#### What to produce:
Pictures excluded, return the lines below from the first through the line holding "TO AWARD LIST".

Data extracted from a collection
*****

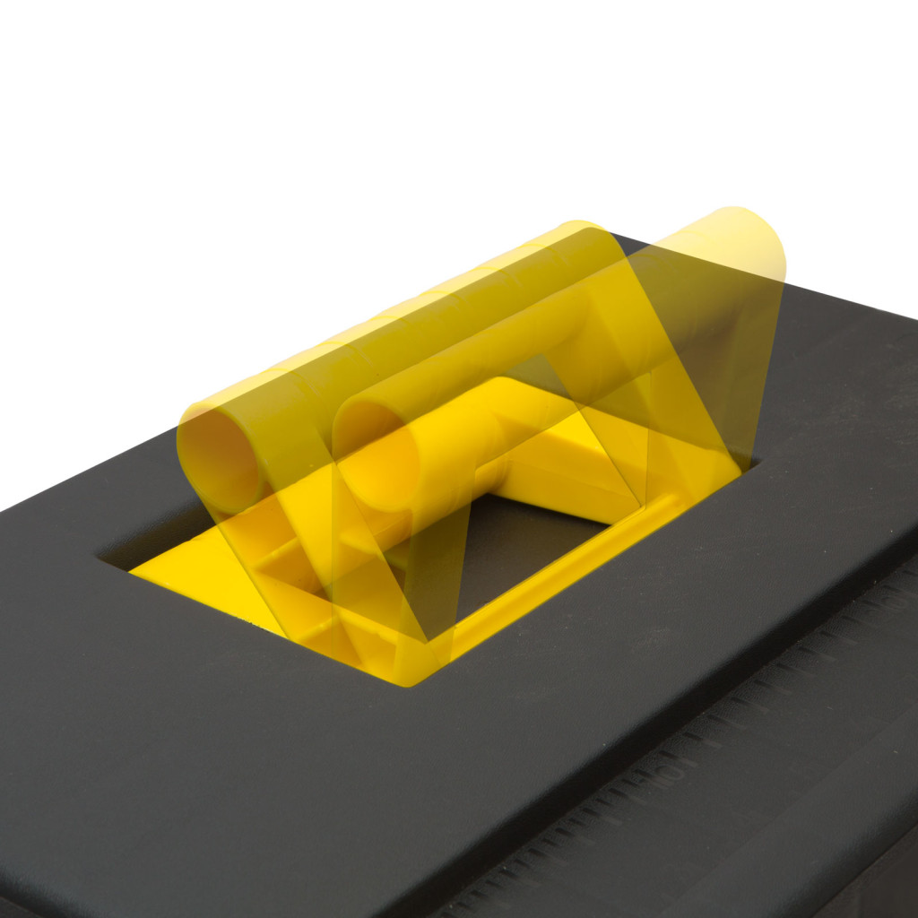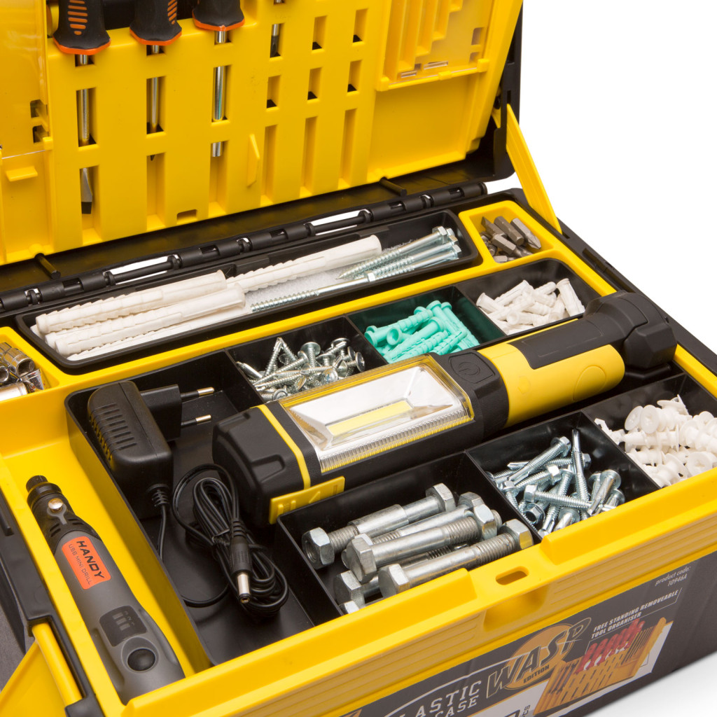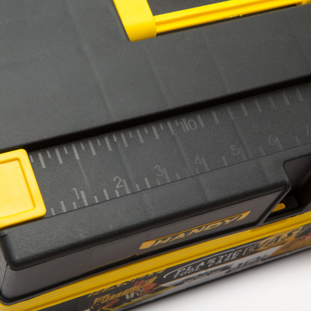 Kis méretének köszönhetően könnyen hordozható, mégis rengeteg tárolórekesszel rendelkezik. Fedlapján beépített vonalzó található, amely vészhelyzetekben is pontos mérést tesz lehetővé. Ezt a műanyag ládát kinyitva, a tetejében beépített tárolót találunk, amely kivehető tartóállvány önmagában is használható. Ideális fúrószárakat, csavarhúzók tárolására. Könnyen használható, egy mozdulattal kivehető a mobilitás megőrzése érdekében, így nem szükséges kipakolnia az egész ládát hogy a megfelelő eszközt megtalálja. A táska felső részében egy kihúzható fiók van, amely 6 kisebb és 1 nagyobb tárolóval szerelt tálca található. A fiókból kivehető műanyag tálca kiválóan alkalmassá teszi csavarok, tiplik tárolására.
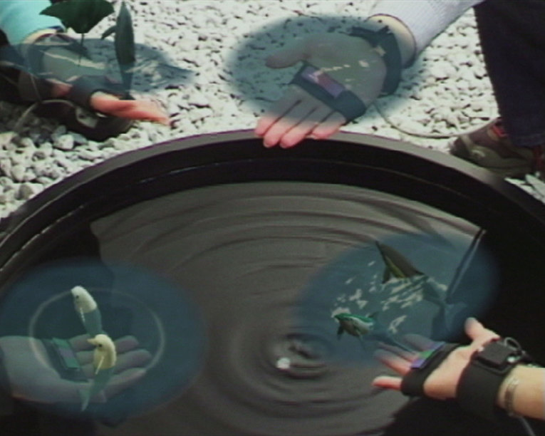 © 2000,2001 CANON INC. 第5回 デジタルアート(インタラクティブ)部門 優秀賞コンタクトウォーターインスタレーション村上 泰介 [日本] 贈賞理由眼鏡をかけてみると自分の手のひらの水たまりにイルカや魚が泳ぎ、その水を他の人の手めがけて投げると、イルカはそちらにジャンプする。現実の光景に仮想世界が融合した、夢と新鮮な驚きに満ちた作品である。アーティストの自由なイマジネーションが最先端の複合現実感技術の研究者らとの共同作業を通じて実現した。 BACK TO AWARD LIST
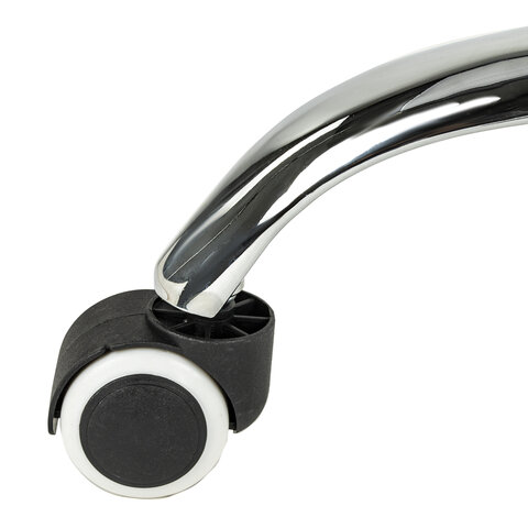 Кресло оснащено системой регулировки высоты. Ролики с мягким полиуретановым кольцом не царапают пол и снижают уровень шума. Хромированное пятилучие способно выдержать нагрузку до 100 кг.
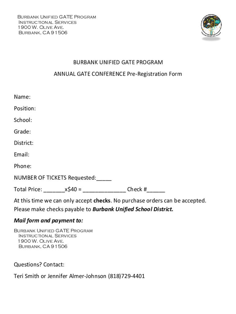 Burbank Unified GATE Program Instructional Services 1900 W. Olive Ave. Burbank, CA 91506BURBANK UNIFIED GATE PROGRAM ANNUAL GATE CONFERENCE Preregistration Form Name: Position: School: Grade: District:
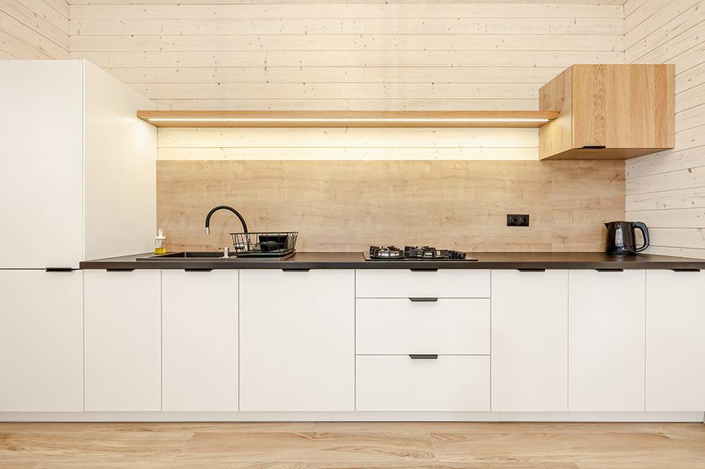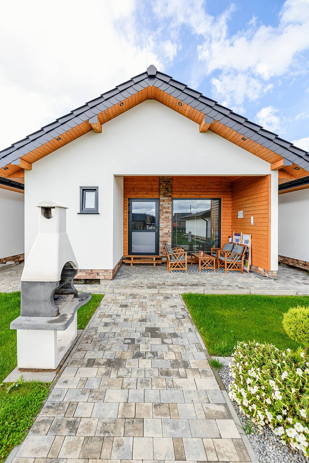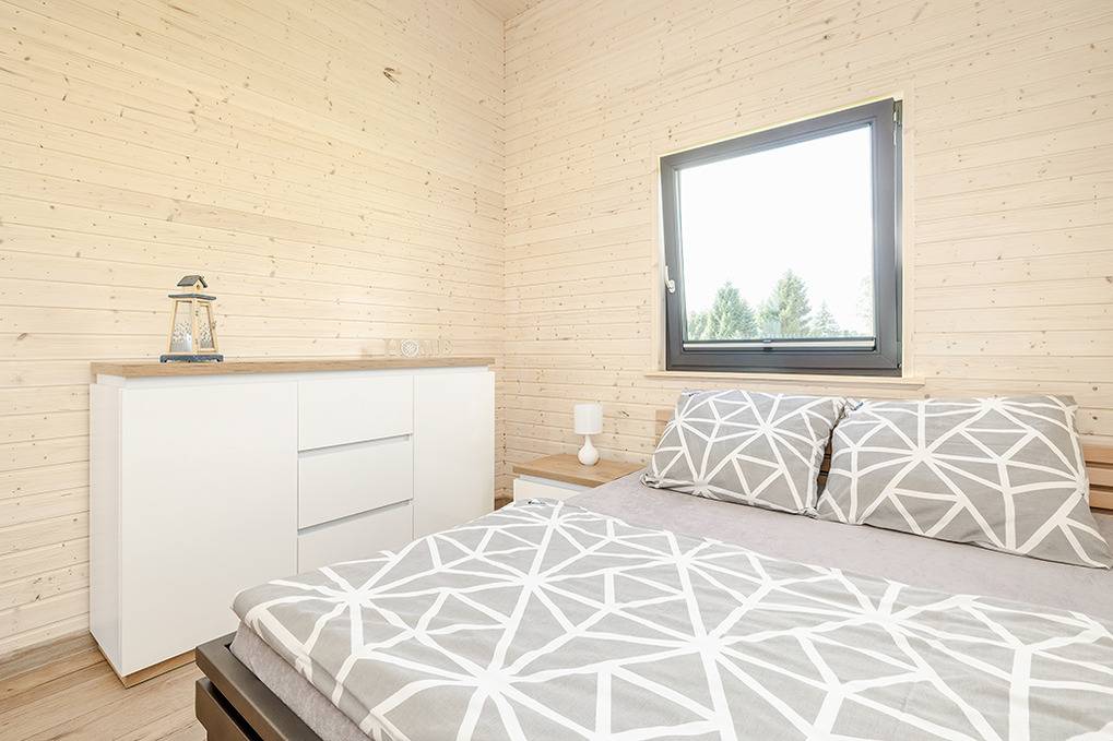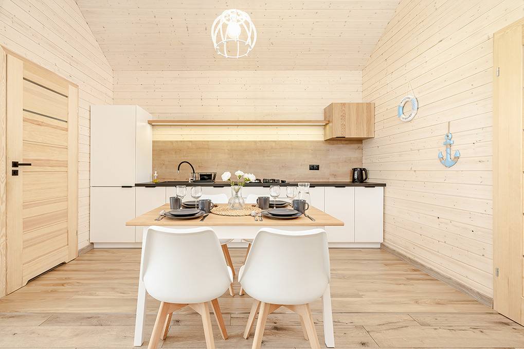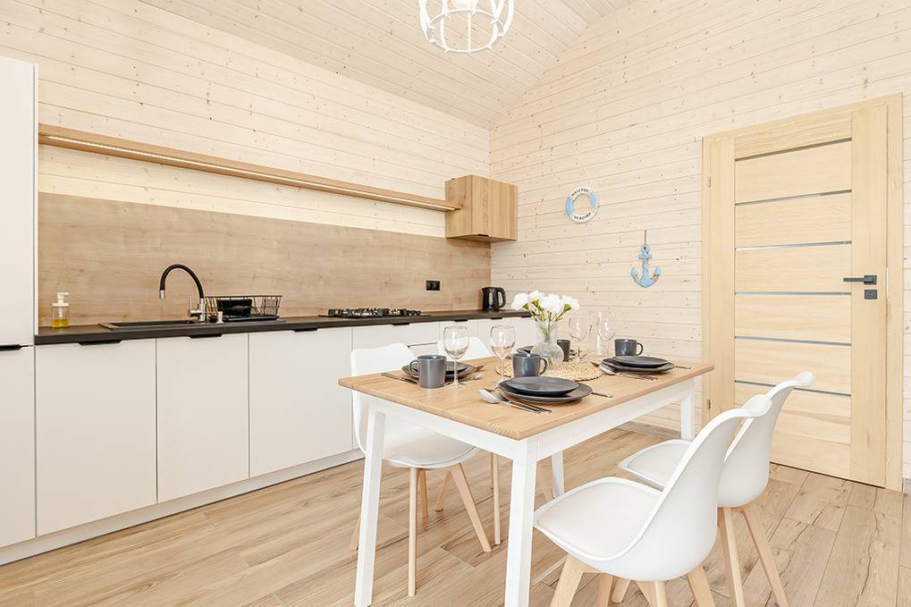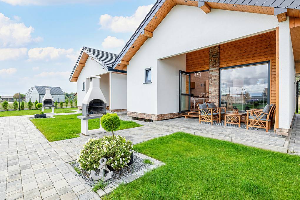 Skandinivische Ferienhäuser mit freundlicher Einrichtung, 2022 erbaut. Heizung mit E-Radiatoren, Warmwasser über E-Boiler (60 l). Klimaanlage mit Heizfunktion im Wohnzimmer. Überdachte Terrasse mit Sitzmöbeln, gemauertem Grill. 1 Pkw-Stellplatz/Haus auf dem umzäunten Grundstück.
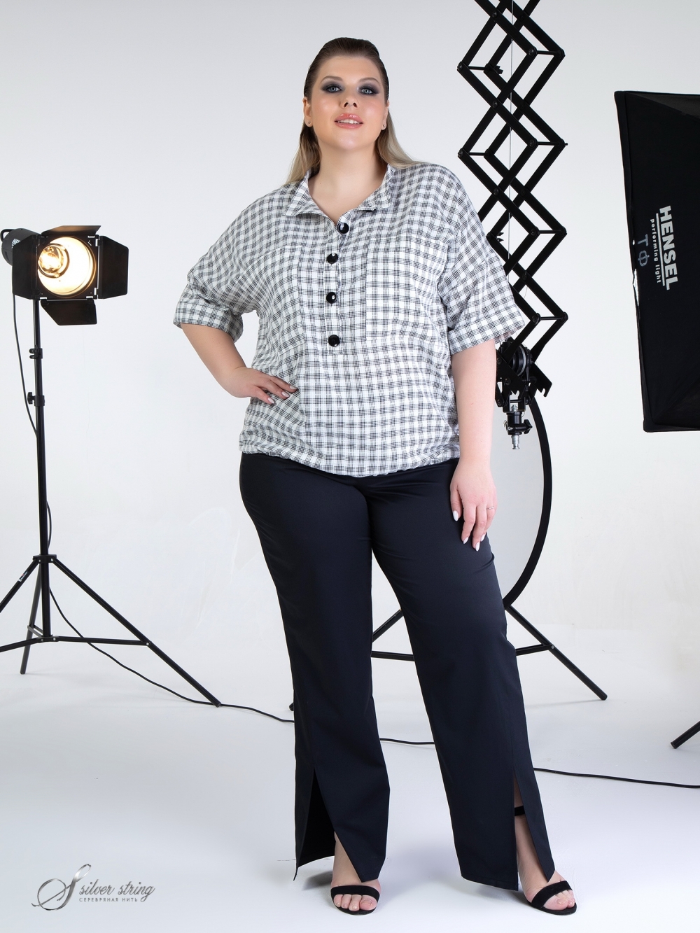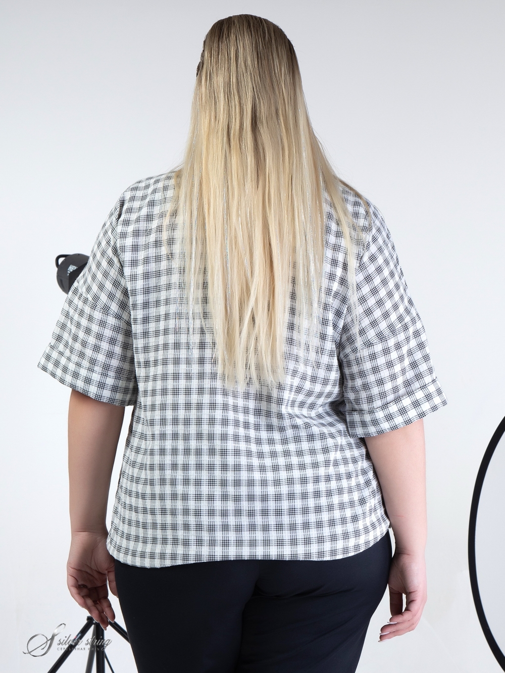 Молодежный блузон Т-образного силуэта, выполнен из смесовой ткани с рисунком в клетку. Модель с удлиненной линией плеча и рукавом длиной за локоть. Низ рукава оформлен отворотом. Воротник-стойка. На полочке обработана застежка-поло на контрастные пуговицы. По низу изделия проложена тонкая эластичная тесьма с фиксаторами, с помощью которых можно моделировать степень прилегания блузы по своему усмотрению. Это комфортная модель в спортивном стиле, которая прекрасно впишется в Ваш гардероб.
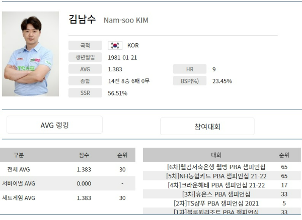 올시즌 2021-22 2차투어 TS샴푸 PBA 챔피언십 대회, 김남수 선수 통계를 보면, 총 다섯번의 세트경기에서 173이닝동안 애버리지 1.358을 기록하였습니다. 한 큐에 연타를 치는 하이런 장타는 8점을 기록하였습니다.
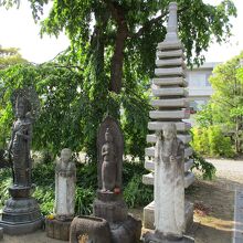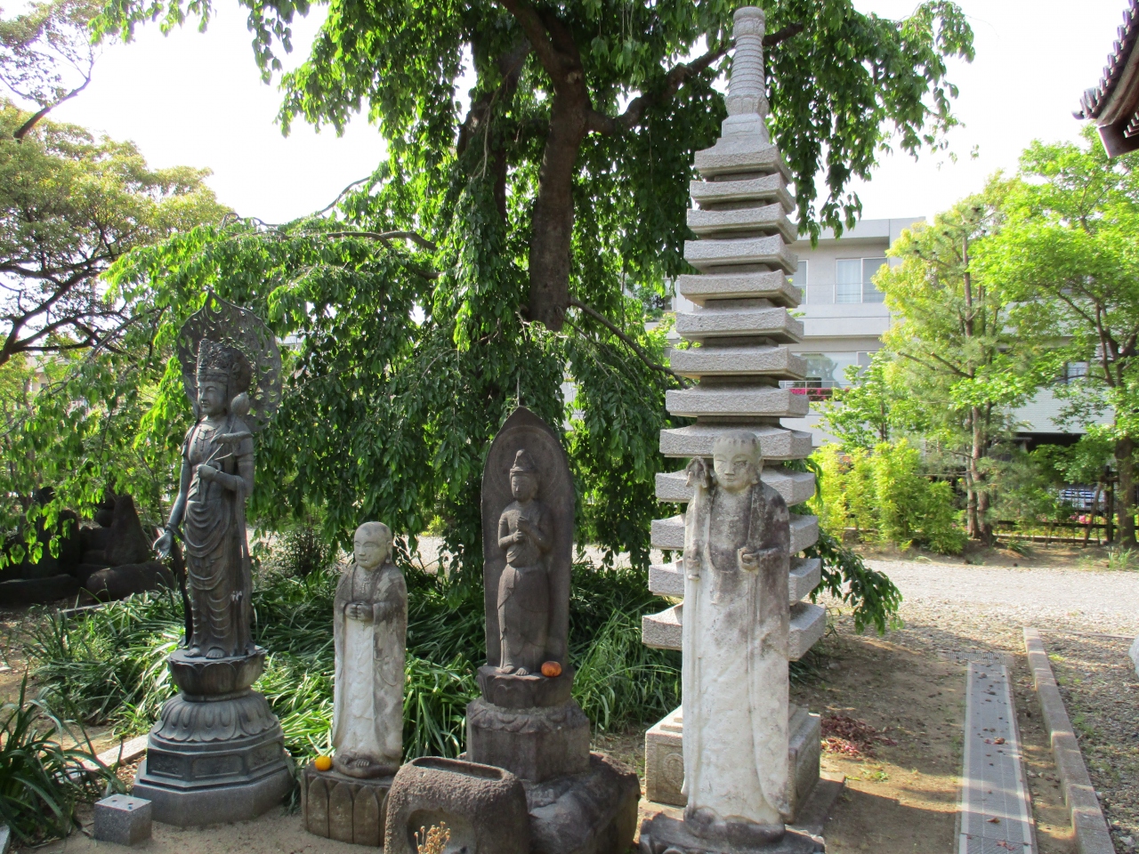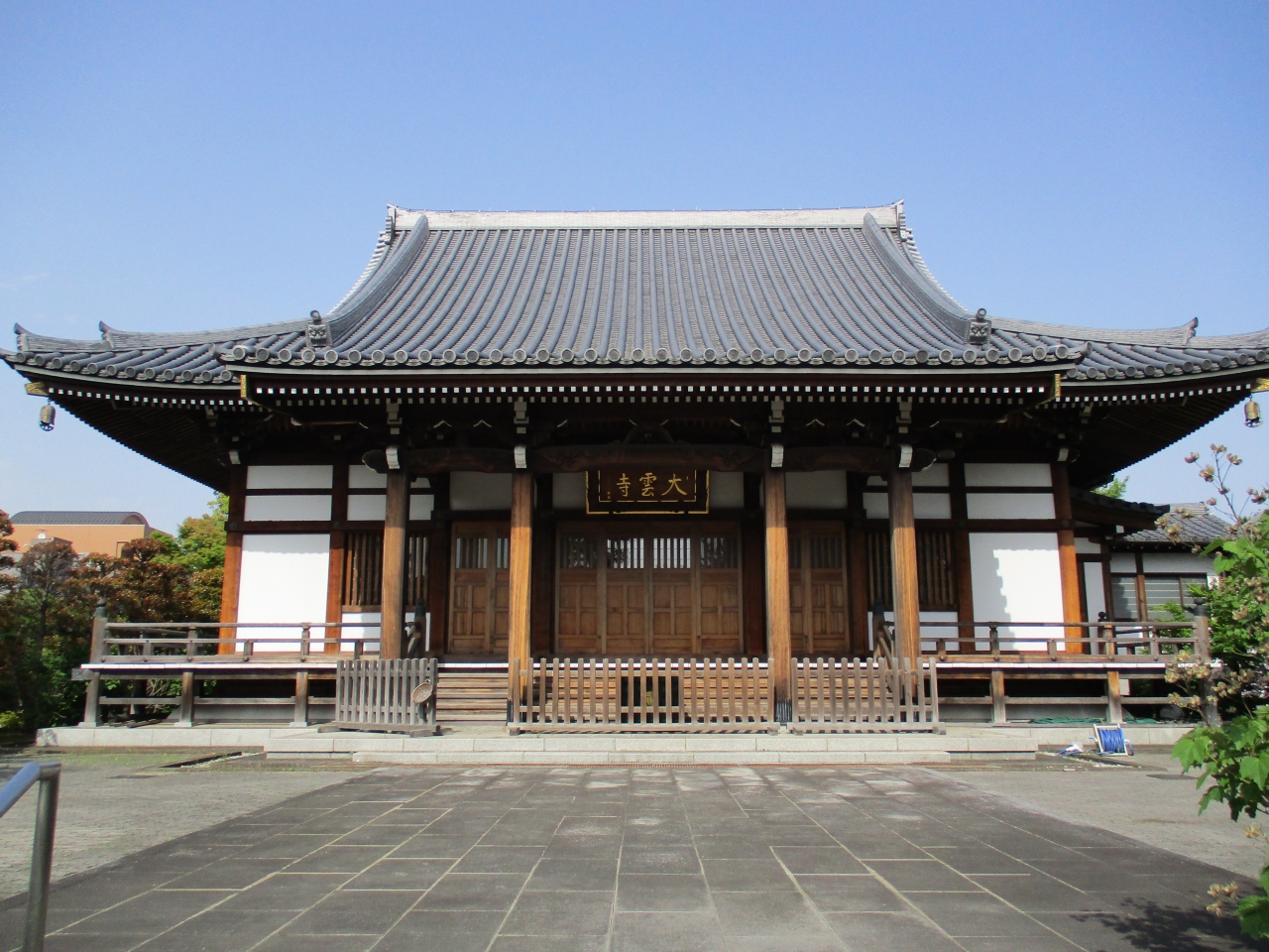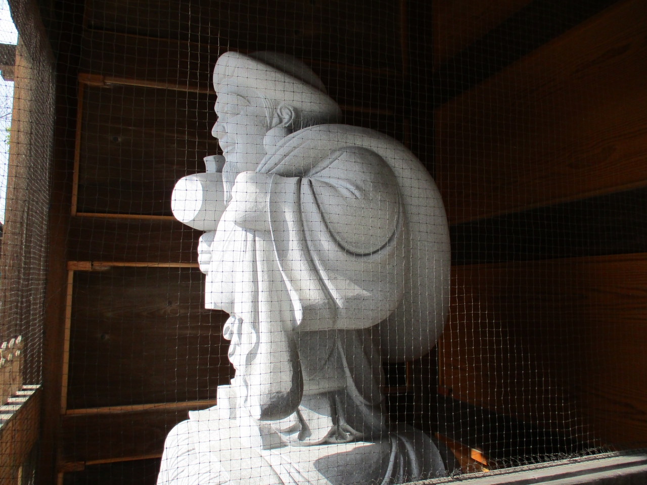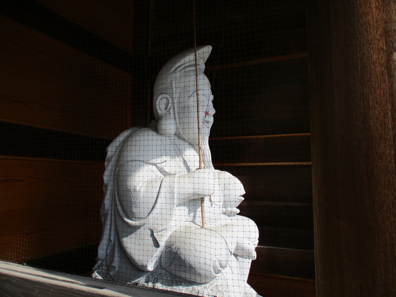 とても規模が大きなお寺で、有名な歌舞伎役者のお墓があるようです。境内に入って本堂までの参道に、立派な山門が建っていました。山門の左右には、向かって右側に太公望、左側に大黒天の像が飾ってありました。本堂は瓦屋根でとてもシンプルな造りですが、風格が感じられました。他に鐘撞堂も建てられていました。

*****

#### Task answer:
 Kis méretének köszönhetően könnyen hordozható, mégis rengeteg tárolórekesszel rendelkezik. Fedlapján beépített vonalzó található, amely vészhelyzetekben is pontos mérést tesz lehetővé. Ezt a műanyag ládát kinyitva, a tetejében beépített tárolót találunk, amely kivehető tartóállvány önmagában is használható. Ideális fúrószárakat, csavarhúzók tárolására. Könnyen használható, egy mozdulattal kivehető a mobilitás megőrzése érdekében, így nem szükséges kipakolnia az egész ládát hogy a megfelelő eszközt megtalálja. A táska felső részében egy kihúzható fiók van, amely 6 kisebb és 1 nagyobb tárolóval szerelt tálca található. A fiókból kivehető műanyag tálca kiválóan alkalmassá teszi csavarok, tiplik tárolására.
 © 2000,2001 CANON INC. 第5回 デジタルアート(インタラクティブ)部門 優秀賞コンタクトウォーターインスタレーション村上 泰介 [日本] 贈賞理由眼鏡をかけてみると自分の手のひらの水たまりにイルカや魚が泳ぎ、その水を他の人の手めがけて投げると、イルカはそちらにジャンプする。現実の光景に仮想世界が融合した、夢と新鮮な驚きに満ちた作品である。アーティストの自由なイマジネーションが最先端の複合現実感技術の研究者らとの共同作業を通じて実現した。 BACK TO AWARD LIST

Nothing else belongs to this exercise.